Tag-Trigger-Consolidation: A Model of Early and Late Long-Term-Potentiation and Depression

Abstract

Changes in synaptic efficacies need to be long-lasting in order to serve as a substrate for memory. Experimentally, synaptic plasticity exhibits phases covering the induction of long-term potentiation and depression (LTP/LTD) during the early phase of synaptic plasticity, the setting of synaptic tags, a trigger process for protein synthesis, and a slow transition leading to synaptic consolidation during the late phase of synaptic plasticity. We present a mathematical model that describes these different phases of synaptic plasticity. The model explains a large body of experimental data on synaptic tagging and capture, cross-tagging, and the late phases of LTP and LTD. Moreover, the model accounts for the dependence of LTP and LTD induction on voltage and presynaptic stimulation frequency. The stabilization of potentiated synapses during the transition from early to late LTP occurs by protein synthesis dynamics that are shared by groups of synapses. The functional consequence of this shared process is that previously stabilized patterns of strong or weak synapses onto the same postsynaptic neuron are well protected against later changes induced by LTP/LTD protocols at individual synapses.
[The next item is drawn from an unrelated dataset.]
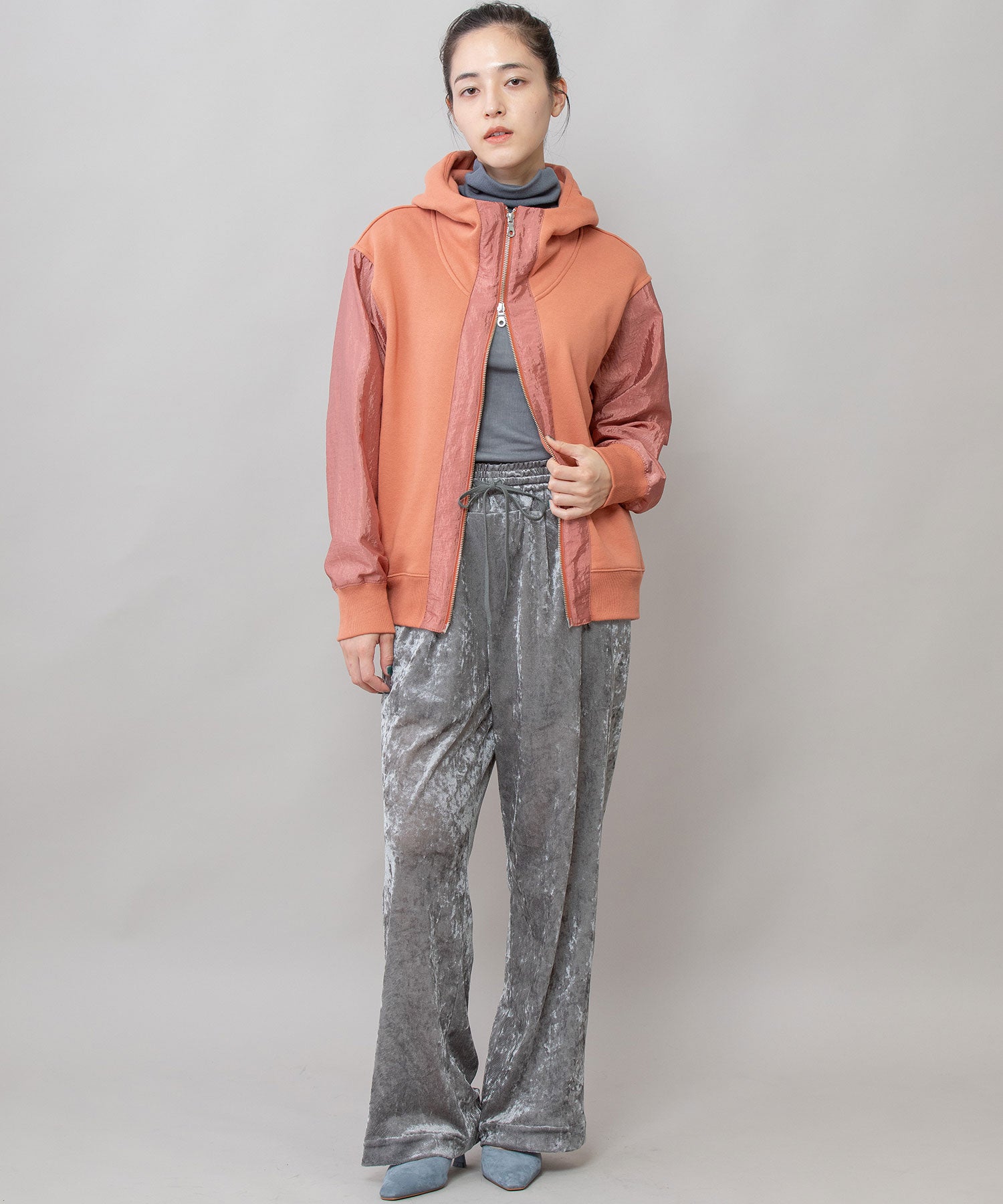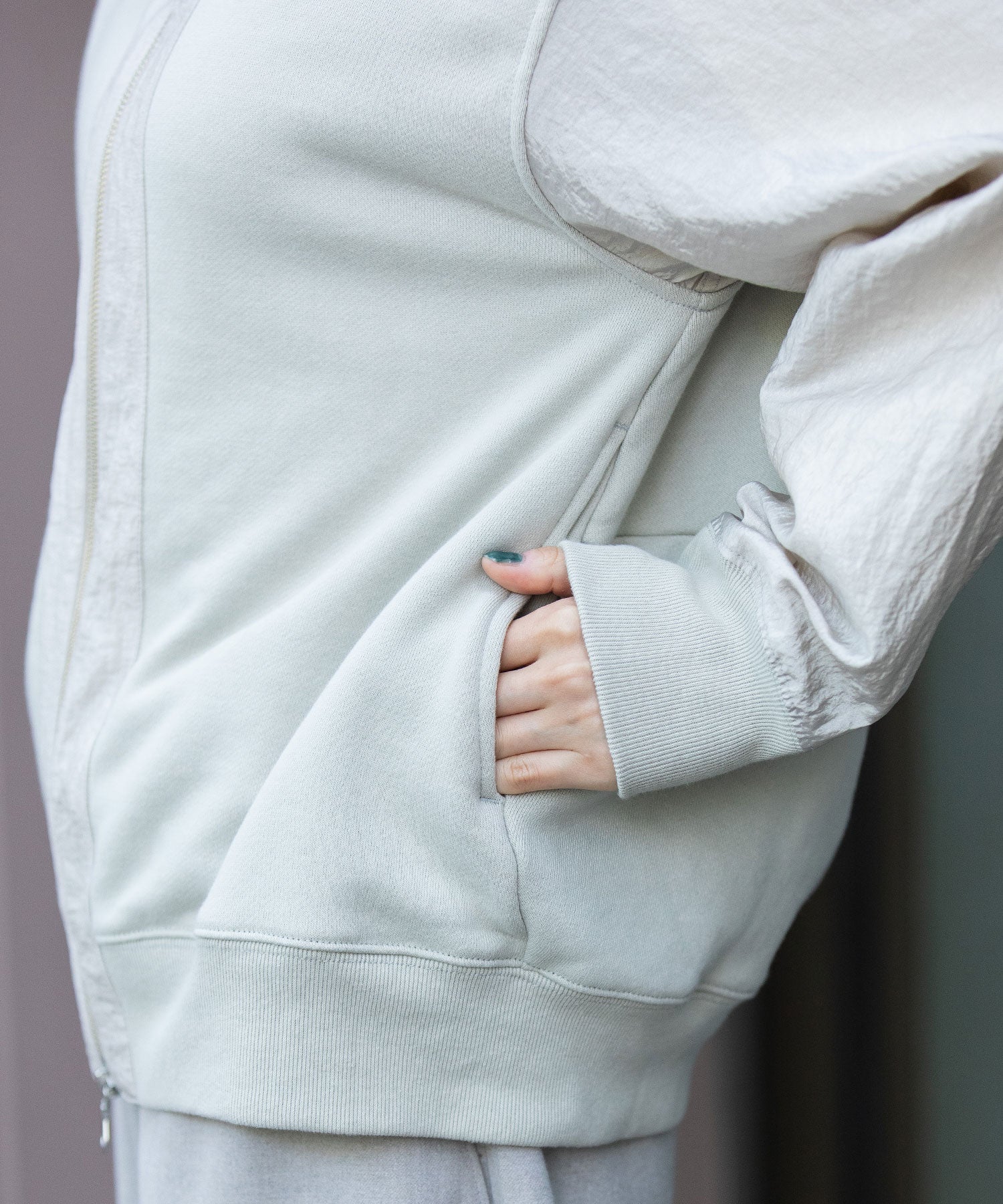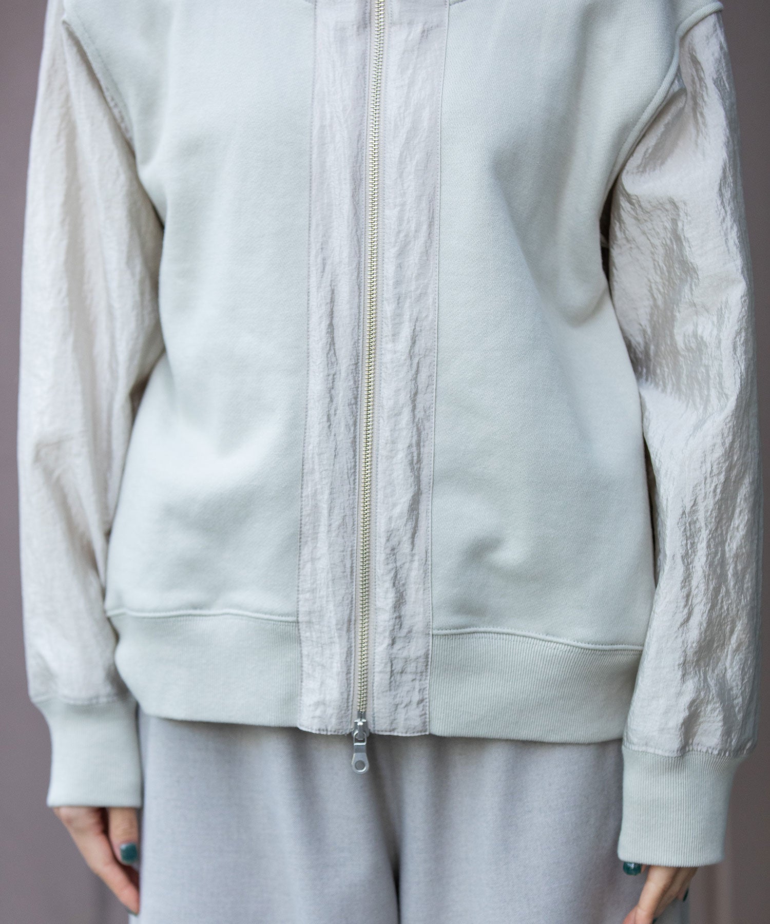 裏毛×ナイロンジップアップフーディー

Humans and animals learn by changing the strength of connections between neurons, a phenomenon called synaptic plasticity. These changes can be induced by rather short stimuli (lasting sometimes only a few seconds) but should then be stable for months or years in order to be useful for long-term memory. Experimentalists have shown that synapses undergo a sequence of steps that transforms the rapid change during the early phase of synaptic plasticity into a stable memory trace in the late phase. In this paper we introduce a model with a small number of equations that can describe the phenomena of induction of synaptic changes during the early phase of synaptic plasticity, the trigger process for protein synthesis, and the final stabilization. The model covers a broad range of experimental phenomena known as tagging experiments and makes testable predictions. The ability to model the stabilization of synapses is crucial to understand learning and memory processes in animals and humans and a necessary ingredient for any large-scale model of the brain.